- Born: Dean Stockton
- Website: www.dface.co.uk

= D*Face =

British street artist

Dean Stockton, better known by his alias D*Face, is an English multimedia street artist who uses spray paint, stickers, posters, and stencils.

D*Face grew up in London and had a childhood interest in graffiti in drawing. He credits this to Henry Chalfant's coverage of subway graffiti in New York City in Spraycan and Subway Art, later as a teenager skateboarding and in particular Thrasher magazine's coverage of skateboard deck graphics led his interest in stickers and the DIY mentality associated with skate and punk fanzines.

He attended an illustration and design course and worked as a freelance illustrator/designer whilst honing his street work. Influences included Shepard Fairey's "Obey Giant" art campaign, Jim Philips, hip hop, punk music, and popular animated cartoons.

He held his first major London solo exhibition, Death & Glory, at the Stolenspace gallery, which sold out in October 2006. Since then, his exhibitions have included a solo show, Eyecons, at O Contemporary in Brighton in March 2007, again a sell out show. This featured new paintings, an installation and two prints — of Kurt "Kant Complain" and Cli-Che.

D*Face was the owner and curator for the Outside Institute, London's first contemporary art gallery to focus on street art.
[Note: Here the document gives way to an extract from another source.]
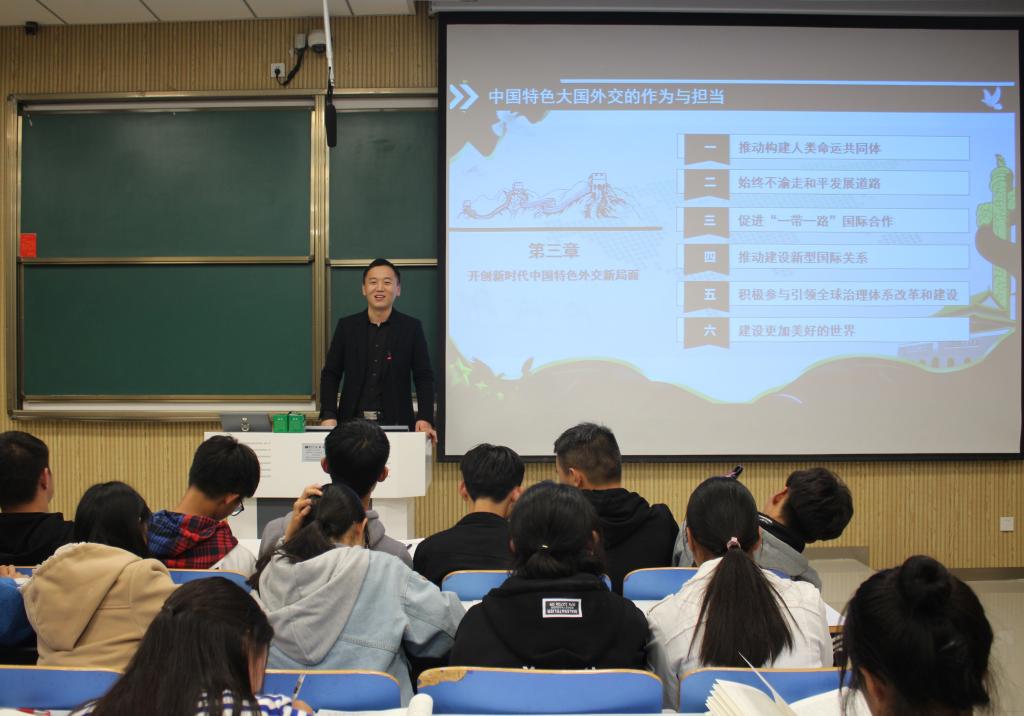 曹栋以中国特色大国外交的作为与担当为题,着重从中国外交历史性成就、中国外交的优良传统和鲜明特色、开创新时代中国特色外交新局面三部分阐述中国外交的作为与担当。他谈到,新中国成立以来,我国通过多边外交积极走向国际舞台,彰显大国担当。随后,他围绕独立自主是中国外交的基石、天下为公是中国外交的胸怀、公平正义是中国外交的坚守等六个方面向同学们展示中国外交的优良传统和鲜明特色。最后,曹栋以两个思考题结束本次课程,并建议同学们做关心时政、与时俱进的新时代青年。

In 2005 the Outside Institute moved and re-branded to become the Stolen Space Gallery. In 2010, he collaborated with Christina Aguilera, on her album cover of Bionic. In October 2013 D*Face took part in Art Wars at the Saatchi Gallery curated by Ben Moore. The artist was issued with a stormtrooper helmet, which he transformed into a work of art. Proceeds went to the Missing Tom Fund set up by Ben Moore to find his brother Tom who has been missing for over ten years. The work was also shown on the Regents Park platform as part of Art Below Regents Park.

He participated in the 2015 edition of All City Canvas Global Series, with a mural on the façade of the Hotel Lisboa in the Colonia Roma. This project was part of the artistic activities of the Dual Year Mexico - United Kingdom.
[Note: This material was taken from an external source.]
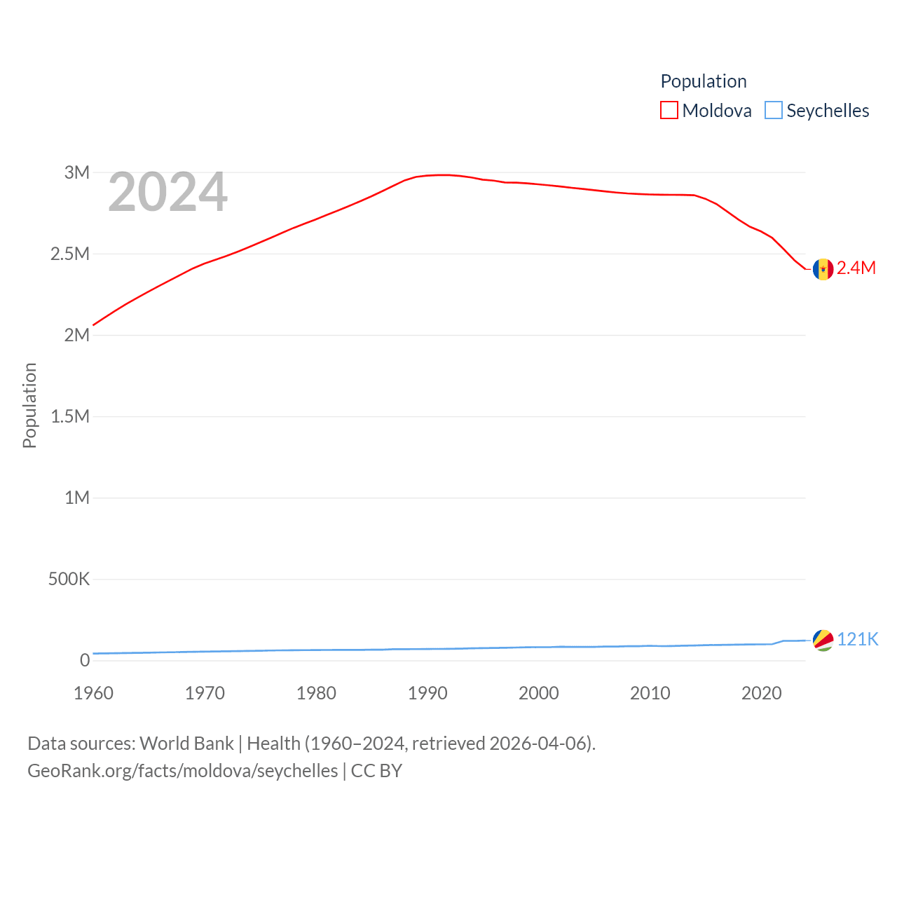 Moldova has a population of 2.4M (ranked 143/197), compared with 121K in The Seychelles (ranked 181/197). Moldova's land area is 12,714 sq mi versus 177.6 sq mi for The Seychelles (ranked 135th vs. 181st).

D*Face's most recent projects was doing the cover art for the Blink-182 album California, which was released on 1 July 2016. He also designed David Beckham’s Scotch whisky brand, Haig Club, limited edition artist whiskey bottle.
He designed jewelry in collaboration with the Spanish Jewelry Suárez.
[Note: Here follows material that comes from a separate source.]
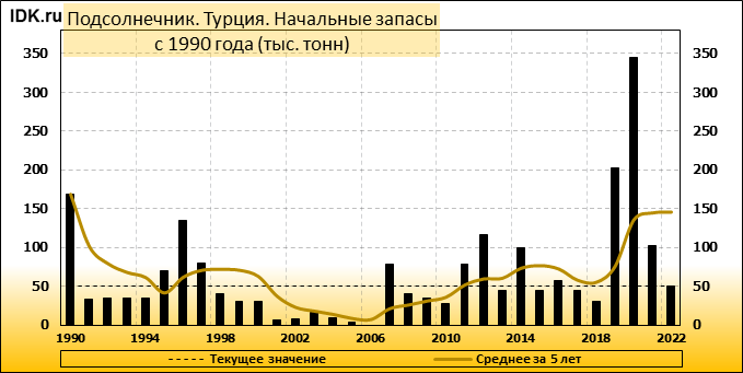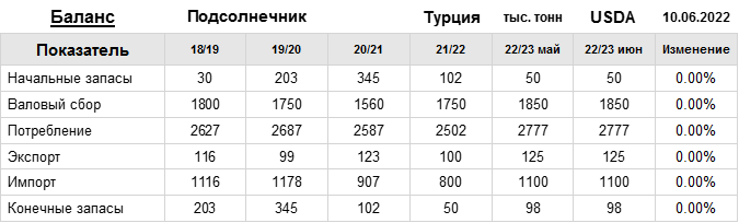 За прошедший месяц министерство сельского хозяйства США (USDA) на 10.06.2022 пересмотрело Баланс подсолнечника для Турции в сезоне 22/23 следующим образом:

In 2024, D*Face collaborated with the newly launched art'otel London Hoxton, a hotel known for its strong emphasis on blending hospitality with contemporary art. As part of this partnership, D*Face infused his vibrant and rebellious street art style into various spaces throughout the hotel, creating bespoke murals, sculptures, and installations. The hotel, located in London’s creative hub of Hoxton, positions itself as a cultural landmark where art takes centre stage, with D*Face’s work playing a key role in shaping its distinct artistic identity and offering guests an immersive visual experience.